Le texte introduit une qualification juridique précise des différentes catégories d’actifs numériques :
Les biens numériques à valeur patrimoniale (crypto-monnaies, NFT, domaines internet) sont assimilés à des biens incorporels soumis à des règles de rattachement spécifiques. Le règlement adopte le critère du siège de l’infrastructure numérique ou, pour les crypto-actifs, la localisation du nœud principal de validation.
Les données personnelles et contenus numériques sans valeur marchande directe (comptes de réseaux sociaux, bibliothèques numériques) font l’objet d’un traitement distinct, privilégiant la loi du dernier domicile numérique du défunt. Ce concept novateur de domicile numérique est défini comme l’État où se concentrait l’activité en ligne principale de la personne.
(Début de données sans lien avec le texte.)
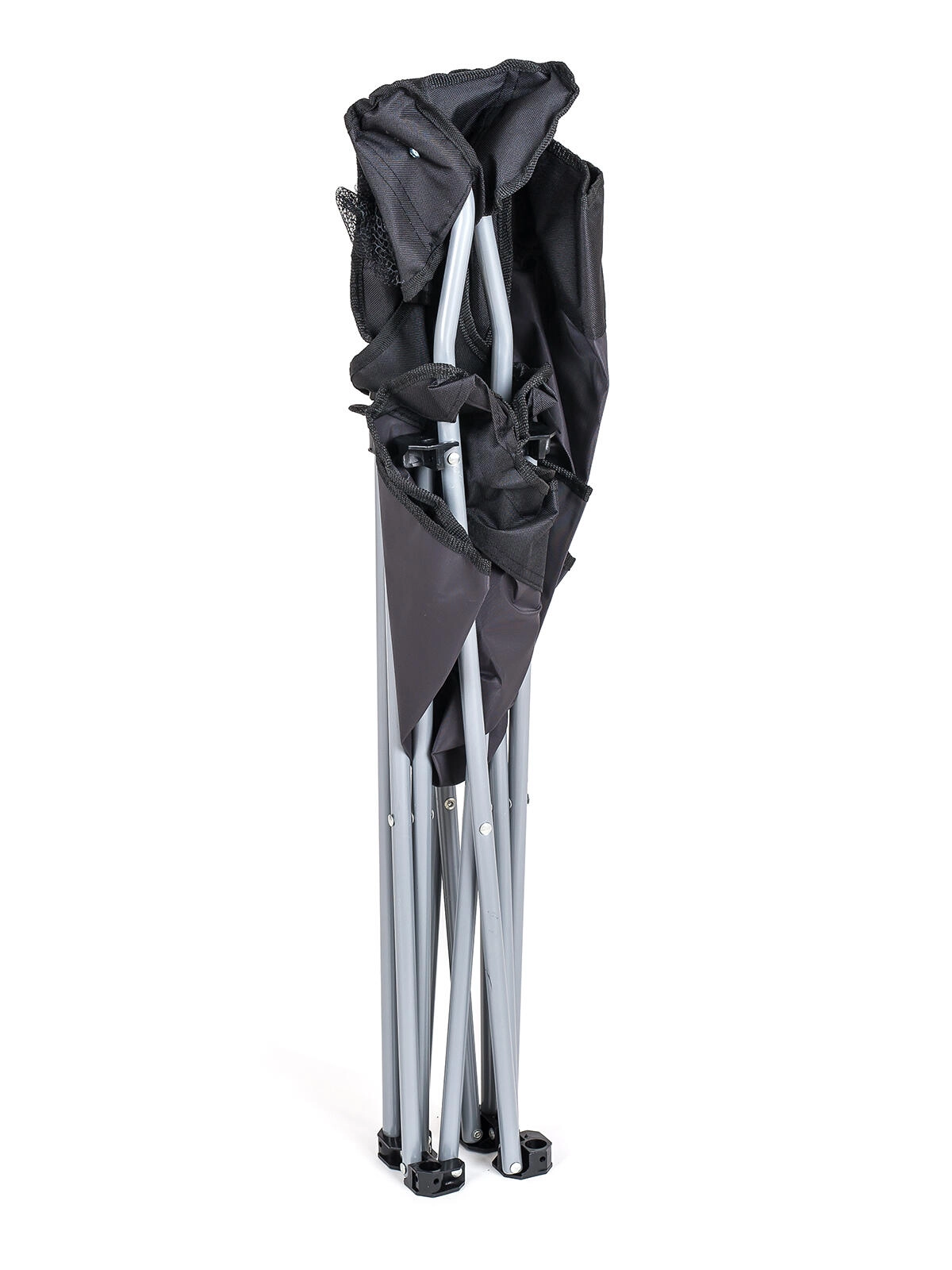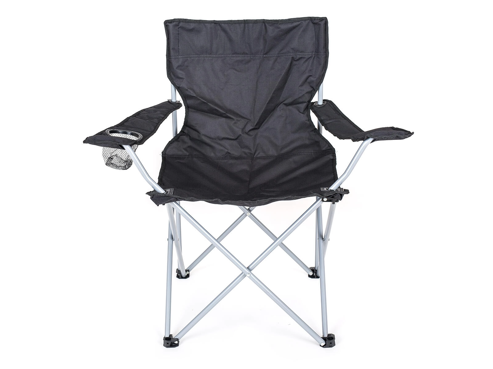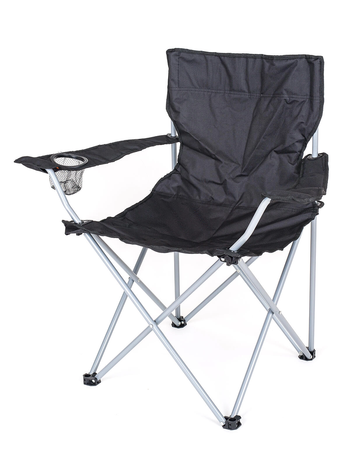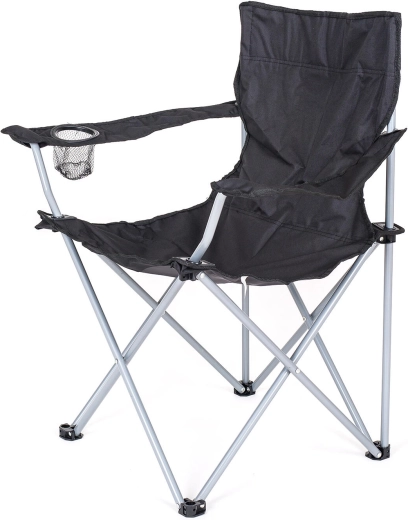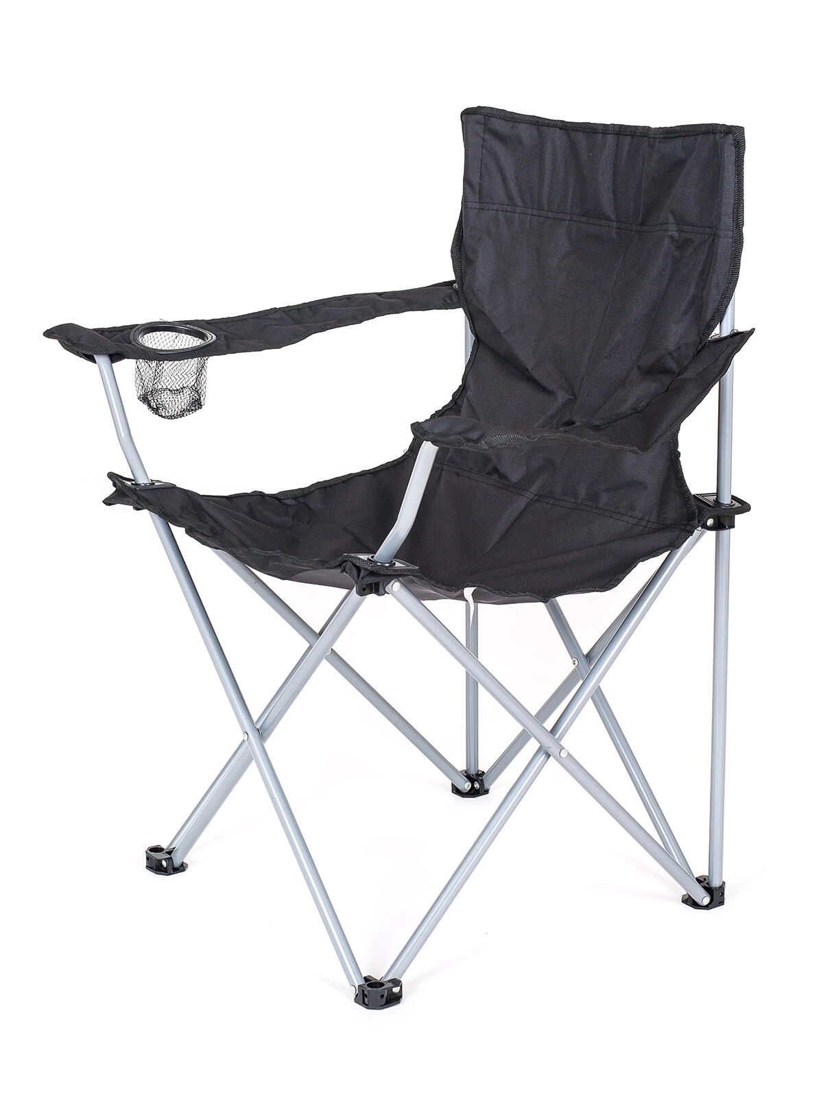 Lekkie i wytrzymałe składane krzesło kempingowe FISH w czarnym kolorze oferuje wygodne siedzenie z podłokietnikami i praktycznym uchwytem na napoje. Dzięki stalowej konstrukcji i poszyciu z poliestru 600D z powłoką PVC jest stabilne, łatwe do przenoszenia i szybkie w składaniu. Idealne na ryby, do kempingu, na działkę i festiwale.

Pour résoudre les problèmes d’accès aux comptes et portefeuilles numériques, le règlement instaure un mandat post-mortem numérique européen. Ce dispositif permettra au défunt de désigner un exécuteur spécifique pour ses actifs numériques, avec des pouvoirs clairement définis et reconnus dans tous les États membres. Les plateformes numériques établies dans l’Union seront tenues de reconnaître ces mandats.
Les enjeux de la territorialité virtuelle sont particulièrement complexes pour les crypto-monnaies, dont la localisation reste conceptuellement problématique. Le règlement adopte une solution pragmatique en considérant que ces actifs sont situés au lieu du dernier accès authentifié au portefeuille numérique. Cette fiction juridique, bien qu’imparfaite, offre un critère opérationnel pour les praticiens.
Ces innovations juridiques s’accompagnent de mesures techniques concrètes. Un système européen d’identification numérique successorale, basé sur la technologie blockchain, facilitera la transmission des clés d’accès aux héritiers légitimes tout en préservant la confidentialité des données. Ce dispositif, développé en collaboration avec l’Agence européenne pour la cybersécurité, représente une avancée considérable pour sécuriser la transmission patrimoniale à l’ère numérique.